In [48]:
import collections
import numpy as np
import pandas as pd
import re

from argparse import Namespace

## Get Yelp Reviews Lite dataset

In [49]:

args = Namespace(
    raw_train_dataset_csv="data/yelp/train.csv",
    raw_test_dataset_csv="data/yelp/test.csv",
    proportion_subset_of_train=0.1,
    train_proportion=0.7,
    val_proportion=0.15,
    test_proportion=0.15,
    output_munged_csv="data/yelp/reviews_with_splits_lite.csv",
    seed=1337
)


In [50]:
# Read raw data
train_reviews = pd.read_csv(args.raw_train_dataset_csv, header=None, names=['rating', 'review'])


In [51]:
train_reviews.describe()

Unnamed: 0,rating
count,650000.0
mean,3.0
std,1.414215
min,1.0
25%,2.0
50%,3.0
75%,4.0
max,5.0


In [52]:

# making the subset equal across the review classes
by_rating = collections.defaultdict(list)
for _, row in train_reviews.iterrows():
    by_rating[row.rating].append(row.to_dict())
    

# create split data
final_list = []
np.random.seed(args.seed)

for _, item_list in sorted(by_rating.items()):
    np.random.shuffle(item_list)
    
    n_total = len(item_list)
    n_subset = int(args.proportion_subset_of_train * n_total)
    n_train = int(args.train_proportion * n_subset)
    n_val = int(args.val_proportion * n_subset)
    n_test = int(args.test_proportion * n_subset)
    
    # Give data point a split attribute
    for item in item_list[:n_train]:
        item['split'] = 'train'
        
    for item in item_list[n_train:n_train+n_val]:
        item['split'] = 'val'
        
    for item in item_list[n_train+n_val:n_train+n_val+n_test]:
        item['split'] = 'test'
    
    ## Add to final list
    final_list.extend(item_list[:n_train+n_val+n_test])

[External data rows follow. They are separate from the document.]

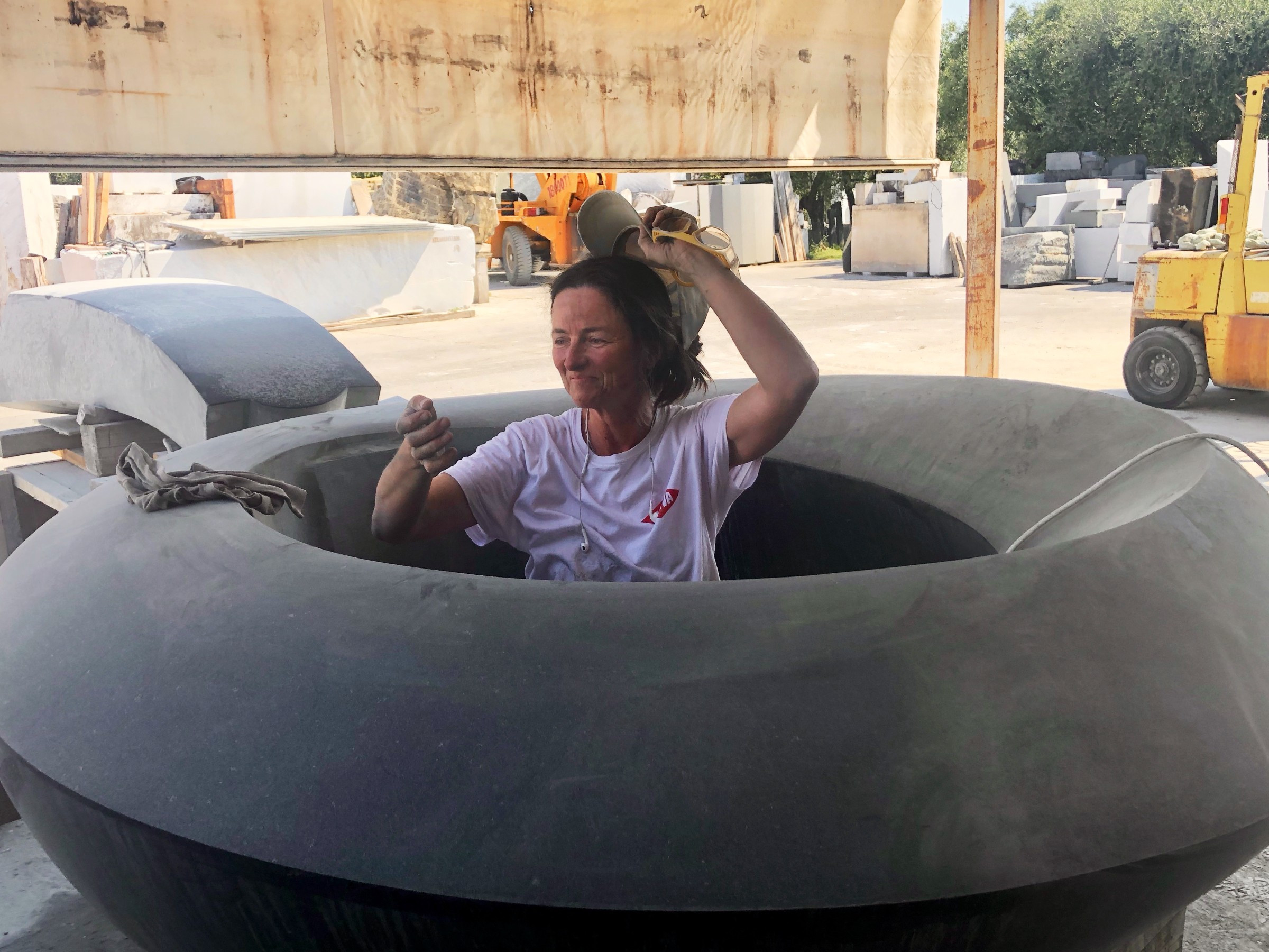 Julia working on Passage to Knowledge at Studio Georgio Angeli, Querceta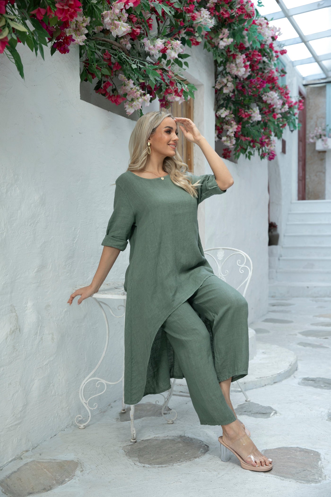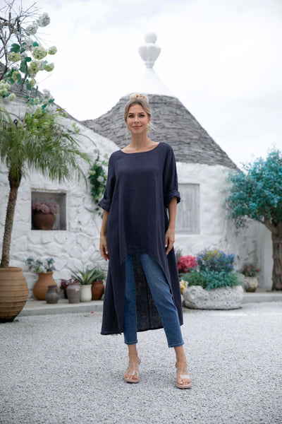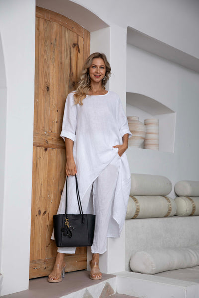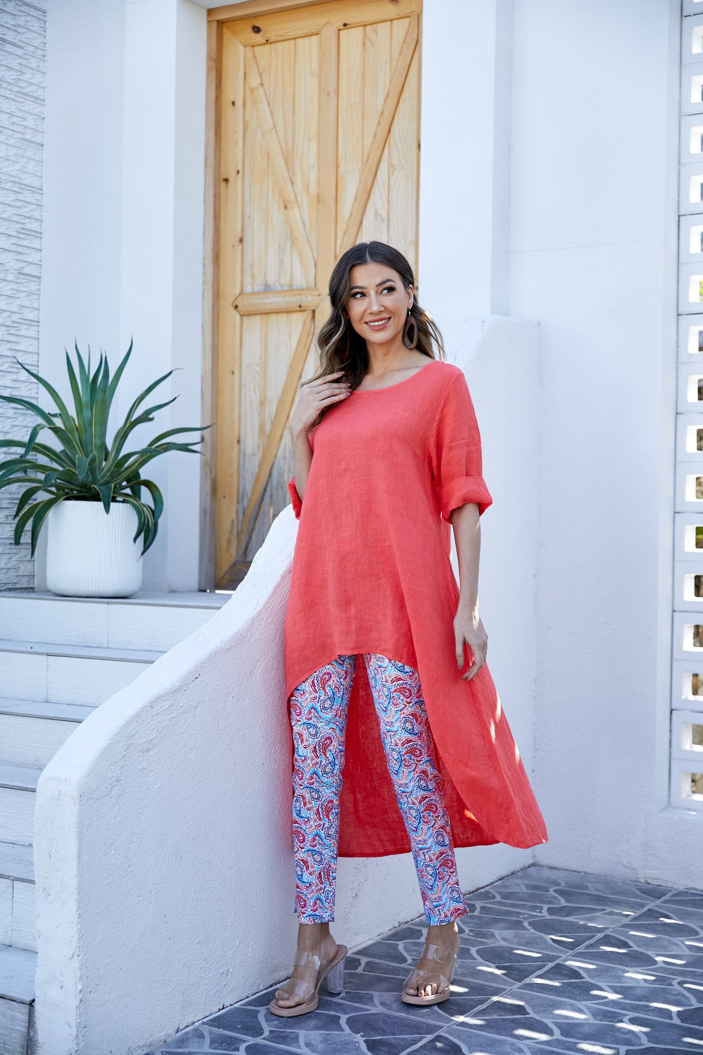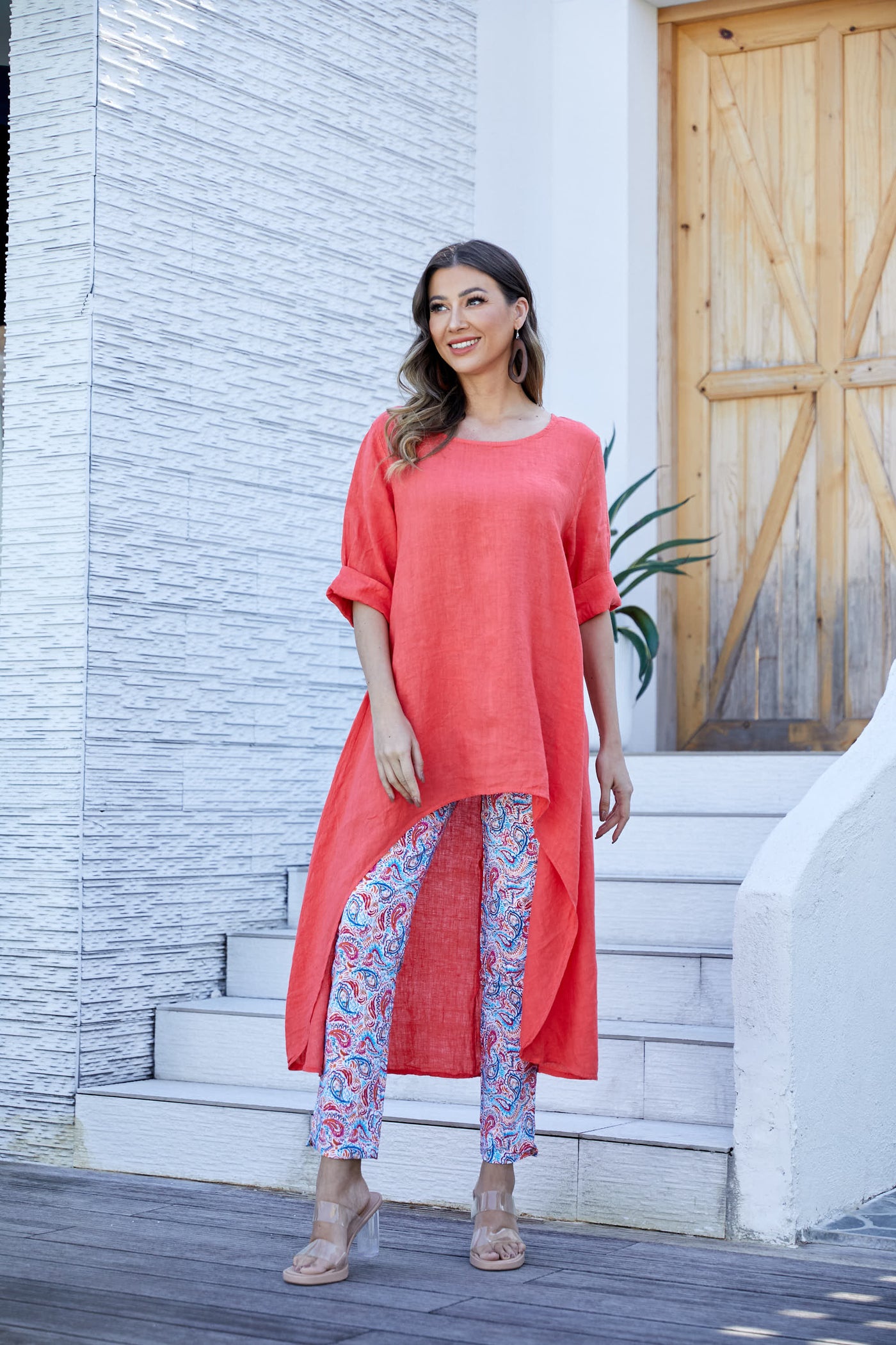 Experience luxury and elegance with Natalia's 3/4 Sleeve Linen Top, featuring a stunning train that will leave you jaw-dropping. The sophisticated design and timeless style make this top a must-have for any wardrobe. Elevate your look with this exclusive piece.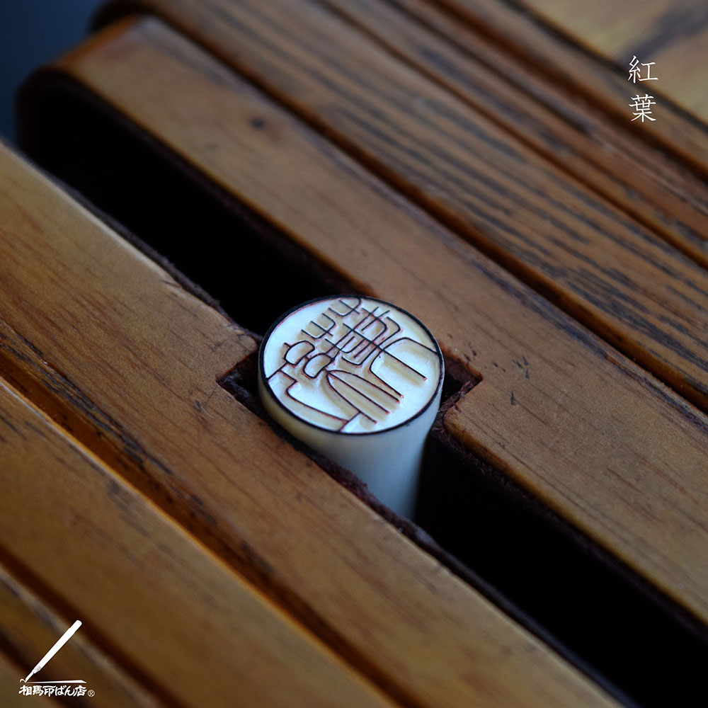 銀行印のサイズに「紅葉」と彫る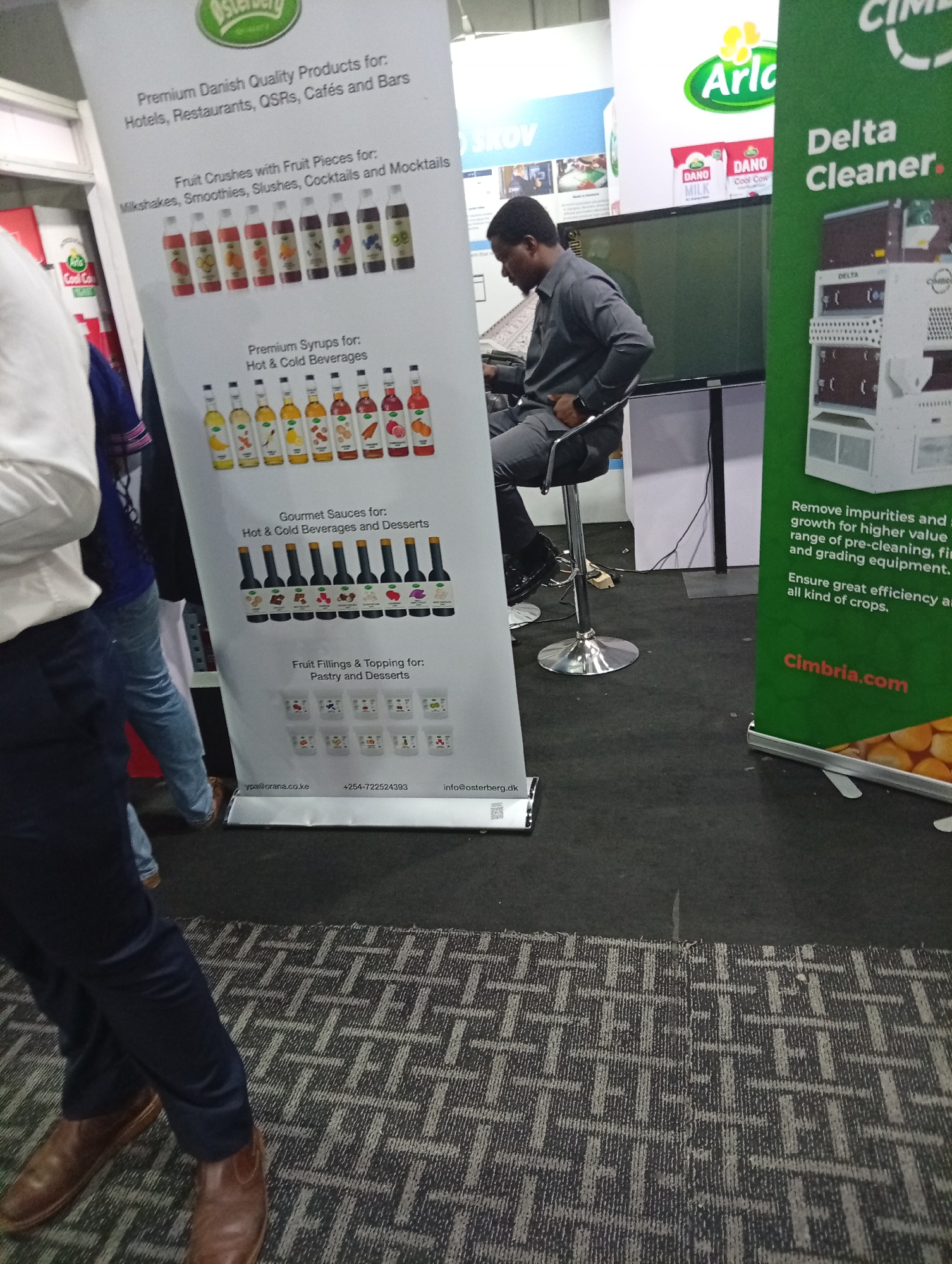 An indoor scene within an exhibition hall in Itirin, Nigeria, features three individuals and multiple branded display banners. In the left foreground, the lower torso and legs of a person are visible, clad in a white shirt, dark blue trousers, and brown leather shoes, appearing to be walking right-to-left. Immediately behind, another person's legs, wearing blue jeans, are partially visible. In the mid-ground right, a man with dark skin and short dark hair, dressed in a dark grey long-sleeved shirt and trousers, is seated on a chrome-legged bar stool. He gazes downwards and to his left, with a dark smartwatch on his left wrist. Dominating the left-center is a white vertical banner for "Osterberg," displaying "Premium Danish Quality Products" across various categories: "Fruit Crushes," "Premium Syrups," "Gourmet Sauces," and "Fruit Fillings & Topping," each illustrated with product bottles or containers. Contact information for Kenya and Denmark is present at the bottom. To the right, a green vertical banner for "CIMBRIA" promotes "Delta Cleaner" equipment for "Remove impurities and growth for higher value range of pre-cleaning, fir and grading equipment," featuring an image of a white machine. Behind this banner, "Arla" and "DANO MILK" branding are discernible. A large, dark flat-screen display on a stand is positioned behind the seated man. The floor is covered with a dark grey carpet featuring a light grey geometric pattern, with a visible seam. The background consists of white partition walls.

final_reviews = pd.DataFrame(final_list)

In [53]:
# minimal clean
def preprocess_text(text):
    text = text.lower()
    text = re.sub(r"([.,!?])", r" \1 ", text)
    text = re.sub(r"[^a-zA-Z.,!?]+", r" ", text)
    return text

In [54]:
final_reviews.review = final_reviews.review.apply(preprocess_text)

In [55]:
final_reviews

Unnamed: 0,rating,review,split
0,1,"the sushi was fine , but after last night s ex...",train
1,1,rude and obnoxious people work here ! i will n...,train
2,1,stay away from olympic garden unless you are a...,train
3,1,horrible horrible experience . is selling pupp...,train
4,1,where do i start . . . if you are looking for ...,train
...,...,...,...
64995,5,as good as it gets for the dennys ihave been t...,test
64996,5,we enjoyed lillie s teppanyaki or as they call...,test
64997,5,we just purchased a vehicle from centennial la...,test
64998,5,they make great vegetarian thai food they do t...,test


## Pytorch Dataset class

In [56]:
from torch.utils.data import Dataset

In [57]:
class ReviewDataset(Dataset):
    def __init__(self, review_df, vectorizer):
        """
        Args:
            review_df (pandas.DataFrame): the dataset
            vectorizer (ReviewVectorizer): vectorizer instantiated from dataset
        """
        self.review_df = review_df
        self._vectorizer = vectorizer
        
        self.train_df = self.review_df[self.review_df.split=='train']
        self.train_size = len(self.train_df)
        
        self.val_df = self.review_df[self.review_df.split=='val']
        self.val_size = len(self.val_df)
        
        self.test_df = self.review_df[self.review_df.split=='test']
        self.test_size = len(self.test_df)
        
        self._lookup_dict = {'train': (self.train_df, self.train_size),
                            'val': (self.val_df, self.val_size),
                            'test': (self.test_df, self.test_size)}
        
        self.set_split('train')
        
    @classmethod
    def load_dataset_and_make_vectorizer(cls, review_csv):
        """ Load dataset and make a new vectorizer form scratch
        
        Args:
            review_csv (str): location of the dataset
        Returns: 
            an instance of ReviewDataset
        """
        review_df = pd.read_csv(review_csv)
        return cls(review_df, ReviewVectorizer.from_dataframe(review_df))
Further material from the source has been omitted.